* [Task instructions]
Retype the entries exactly, but skip the pictures.

* [Material provided]
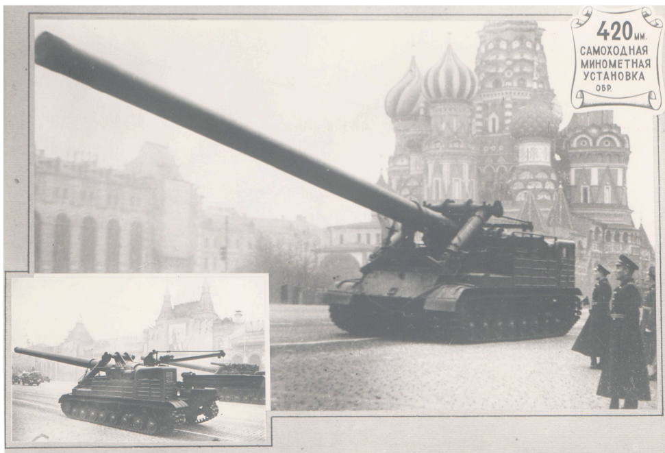
Самоходная миномётная установка калибра 420 мм
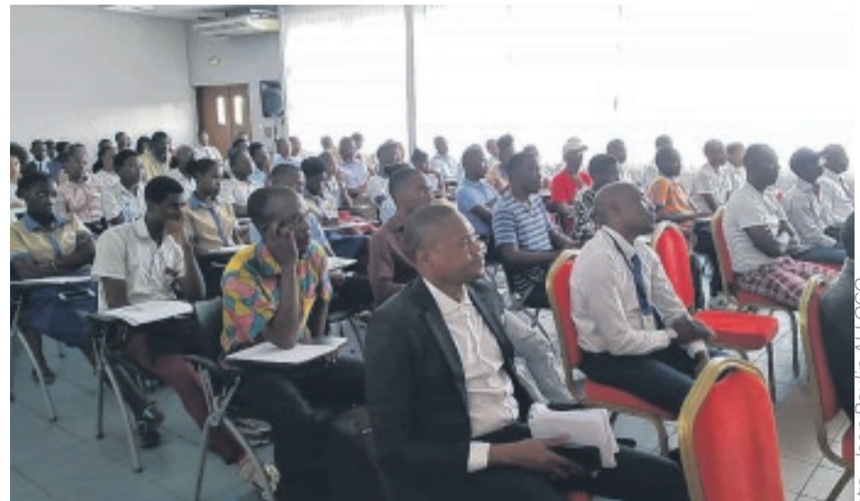
Vue des participants à la conférence

velables. Mais la substitution par des énergies décarbonées prendra du temps. Les capacités de production de pétrole et du gaz risquent d'être insuffisantes, ce qui entraînera des tensions (coûts) et modifiera le paysage géopolitique ", a dit le conférencier en guise de conclusion.
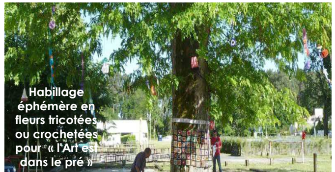
Habillage éphémère en fleurs tricotées ou crochétées pour « L'Art est dans le pré »

Bonnes vacances à tous et à bientôt ! Le groupe d'animateurs du RERS
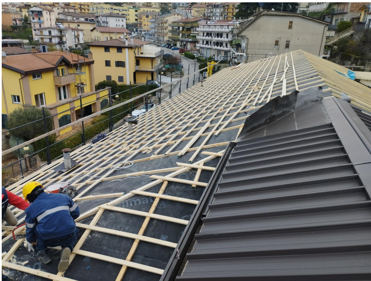
Figura 3 Rifacimento completo del tetto, rilievo fotografico del 13/12/2024
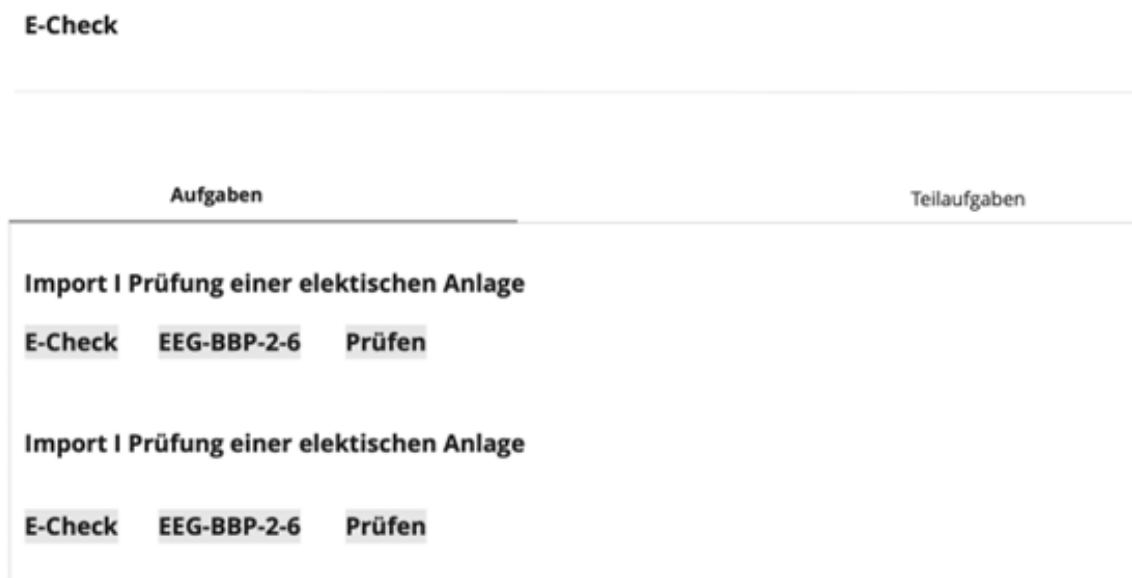
Abb. 5: Das Schlagwort E-Check wurde 2x verwendet

* [Written response]
Самоходная миномётная установка калибра 420 мм
Vue des participants à la conférence

velables. Mais la substitution par des énergies décarbonées prendra du temps. Les capacités de production de pétrole et du gaz risquent d'être insuffisantes, ce qui entraînera des tensions (coûts) et modifiera le paysage géopolitique ", a dit le conférencier en guise de conclusion.
Habillage éphémère en fleurs tricotées ou crochétées pour « L'Art est dans le pré »

Bonnes vacances à tous et à bientôt ! Le groupe d'animateurs du RERS
Figura 3 Rifacimento completo del tetto, rilievo fotografico del 13/12/2024
Abb. 5: Das Schlagwort E-Check wurde 2x verwendet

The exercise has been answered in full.